▸ Exercise:
Write out the listing below exactly, and omit any images you find in it.

▸ Dataset content:
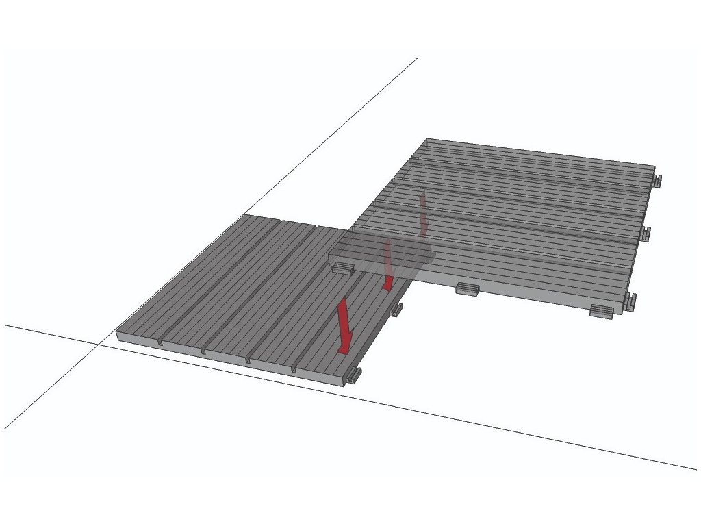 A padlót néhány óra vagy egy délután alatt lefektetheti – ez attól függ, hogy mekkora területet fog lerakni. A csempe praktikus hornyokkal rendelkezik, amelyek a felesleges víz elvezetésére szolgálnak. Ennek köszönhetően a víz nem gyűlik össze a csempe és az aljzat között, és nem képződik penész. A csempe aljáról sík felületek nem károsítják a terasz vízszigetelését. A szigetelés és a csempe közé nem kell másik szövetet behelyezni. A csempe rögzítése oldalsó összekötő horgokkal, ún a Quick-Click rendszer segítségével.
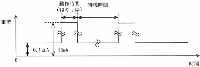 センサーノードの動作時間は10ミリ秒で、その間は平均して10mAの電流が流れる。
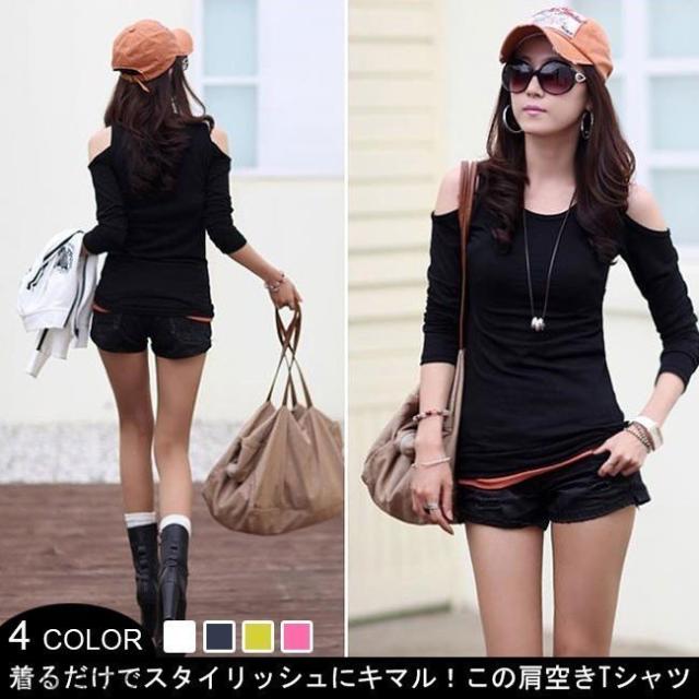 オフショルダーTシャツ 肩空き レディースTシャツ 長袖Tシャツ オフショル 長袖 トップス 無地 春秋

▸ Exercise response:
 A padlót néhány óra vagy egy délután alatt lefektetheti – ez attól függ, hogy mekkora területet fog lerakni. A csempe praktikus hornyokkal rendelkezik, amelyek a felesleges víz elvezetésére szolgálnak. Ennek köszönhetően a víz nem gyűlik össze a csempe és az aljzat között, és nem képződik penész. A csempe aljáról sík felületek nem károsítják a terasz vízszigetelését. A szigetelés és a csempe közé nem kell másik szövetet behelyezni. A csempe rögzítése oldalsó összekötő horgokkal, ún a Quick-Click rendszer segítségével.
 センサーノードの動作時間は10ミリ秒で、その間は平均して10mAの電流が流れる。
 オフショルダーTシャツ 肩空き レディースTシャツ 長袖Tシャツ オフショル 長袖 トップス 無地 春秋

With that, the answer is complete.